One way hosting companies have managed to make this happen is with higher performance hardware. Newer P4-generation and recent dual-core machines, running server class flavors of Windows or Linux,
are able to host multiple game engines on the same system.
Another cost management development for gaming hosts is the "self-managed" game server. In the same way that tools like Webmin 1) have enabled web server
hosting companies to offer $5 per month web hosting to thousands by lowering their own administrative costs, a refined set of public domain and cheap game administration remote admin tools have made
it relatively easy for the game server hosting companies to pass on routine maintenance issues for their rented servers to even mildly technical customers, whether it be uploading of new game maps
and player files to stopping and starting different configurations of game server processes.
Server Squeeze: How to Get More
So the network and the server hardware are in place. There are as many customers as the infrastructure can bear. What else can be done to improve the performance, and possibly the capacity,
without adding more hardware? One approach that remains is to get the server software itself to run better.
This means working to "adjust" the server binaries to improve their performance. This assumes, of course, that you have access to the source code for the game server programs. If you are a game
developer or part of the mod community for your favorite game, you may already have access to the game source. If you are a big enough customer of the game (for example a large gamer café
owner), or a big sales enabler (by virtue of the large number of servers you host for Company X's latest release), you may be able to negotiate access to the source or convince the vendor to make
some performance improvements of their own on your behalf.

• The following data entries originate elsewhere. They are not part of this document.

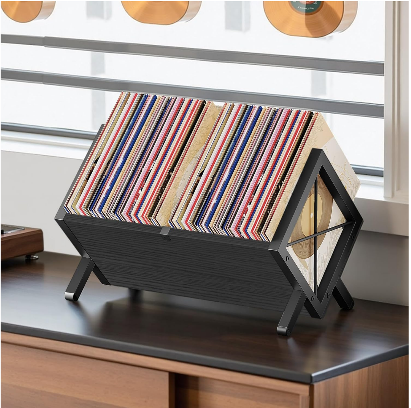
Image: The vinyl record holder shown in use, filled with a collection of LP records.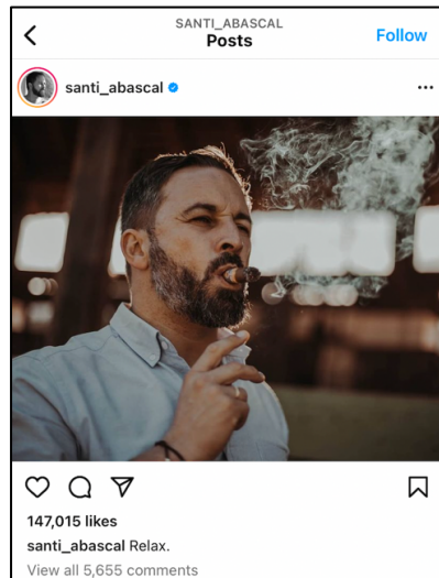
Figure 2. 'Relax' 16 November 2019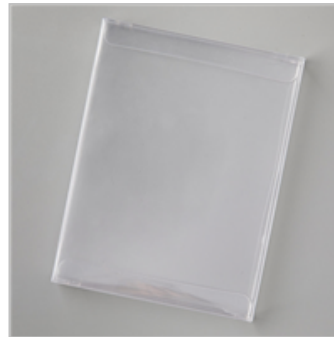
Acetate Card Boxes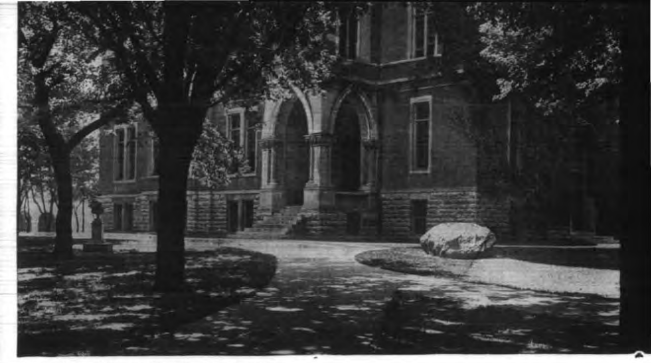
East College and The Boulder, De Pauw University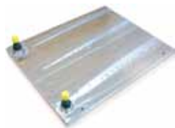
LIQUID COOLED AQUAMAX® VACUUM BRAZED ALUMINUM HEATSINK

All Mersen laminated bus bars models are optimally designed to minimize unwanted "skin effect" resulting from high switching nature of Silicon Carbide (SiC) applications. Mersen's dedicated teams of application engineers work closely with our customers from the very early design stages to create the optimum cooling and bus bars solutions to effectively reduce system weight and increase efficiency. Mersen's photovoltaic (PV) fuse series was engineered and designed specifically for the protection of photovoltaic systems. Its enhanced fuse construction makes it ideal for continuous temperature and current cycling withstand adding to system longevity. Here are some examples of our solutions: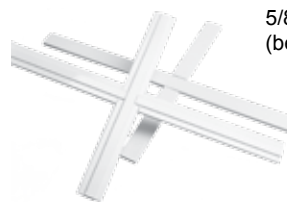
5/8" Flat Grid (between the glass)

Flat and sculptured grids are available in standard and custom patterns.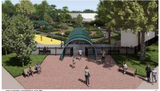
NINE 13 SPORTS | DECEMBER 11, 2025 | IWM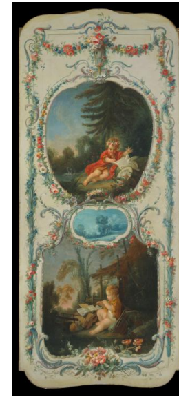
Title: The Arts and Sciences: Poetry and Music Date: ca. 1760 Primary Maker: François Boucher Medium: Oil on canvas Dimensions: 85 1/2 x 38 in. (217.2 x 96.5 cm)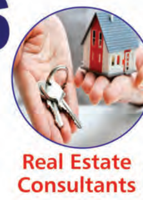
Real Estate Consultants

Deal In: Top City, Mumtaz City, E-12, D-12, B-17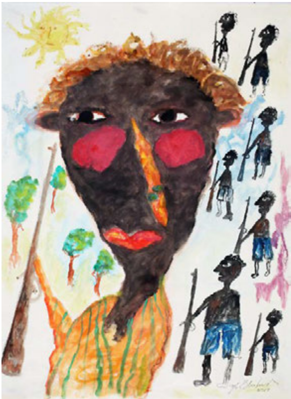
Search of Captain Thunderbolt , 2019 FLOW, National Contemporary Watercolour Prize, Watercolour on rag paper, $2,400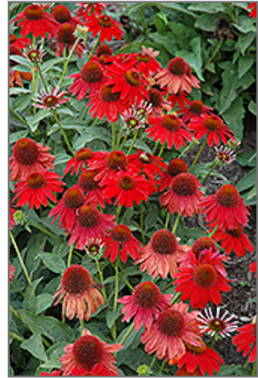
Sombrero Salsa Red Coneflower flowers

This is a relatively low maintenance plant, and is best cleaned up in early spring before it resumes active growth for the season. It is a good choice for attracting butterflies to your yard, but is not particularly attractive to deer who tend to leave it alone in favor of tastier treats. It has no significant negative characteristics.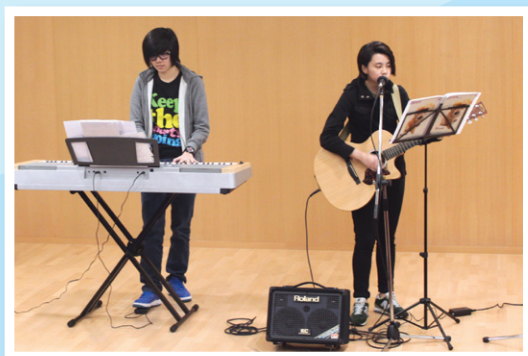
SAO 籌辦的午間音樂會，為愛好音樂的同學提供表演平台。 SAO organized lunchtime concerts for students to showcase their musical talents.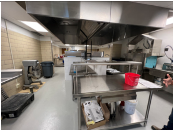
A TCO has been obtained for the kitchen.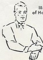
Illegal use of Hands or Arms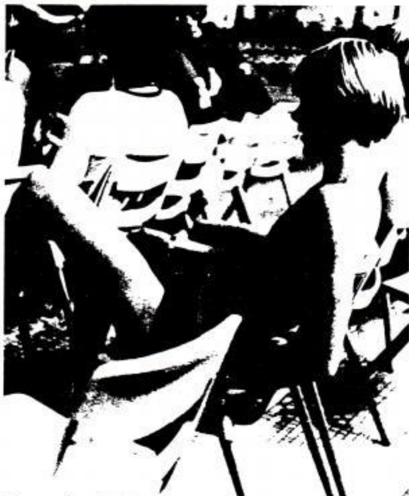
Not a scene from the IPCE conference

Assuming you have access to the source, you can take several steps down the optimizing path, including application of processor-agnostic general optimization and optimization targeted to your
server hardware's specific processor type, including 64-bit architectures.
A good first step toward beefing up your server program is to compile it with an effective optimizing compiler. One choice is the Intel C/C++ Compiler 2),
available in both Linux and Windows flavors. If the server is a Windows system, the software developer can use their pre-existing Microsoft DevStudio IDE to manage projects and compiles, with the
Intel C and C++ compilers underneath. If the server is a Linux system, the user can choose to use the Eclipse software development CDT environment or good, old fashioned command line editors and
How to start? For this exercise, a solid game engine example was selected: Richard Stanway's R1Q2 3). This is a tightened and enhanced version of the Quake
2 engine, which was release to the Open Source community by ID Software back in 2001. Older code? Yes, but many game programmers cut their teeth on Q2 mod development. It's a known space and a good
reference point. Rich's R1Q2 was coupled with code from the LOX Q2 mod, an "extreme weapons" mod built by David S. Martin and friends, and enhanced by Geoff Joy and others. The LOX mod is a good
example of performance challenging code, as the massive number of events that can be created by a single player with the right weapon selections and feature combinations can bring an otherwise
healthy server to its knees.
Again for this example, the target server platform is Linux, the default choice among server hosting companies where game server engines have a Linux server offering. The test server used was a
vanilla Red Hat Enterprise Linux 3 (Taroon Update 4) server, running on a 3.7 GHz Pentium 4 with 1 Gig of RAM, spinning a standard Serial ATA hard drive. Note that all of the steps being discussed
here, including the optimization techniques and compiler features, are applicable to or available on Windows as well.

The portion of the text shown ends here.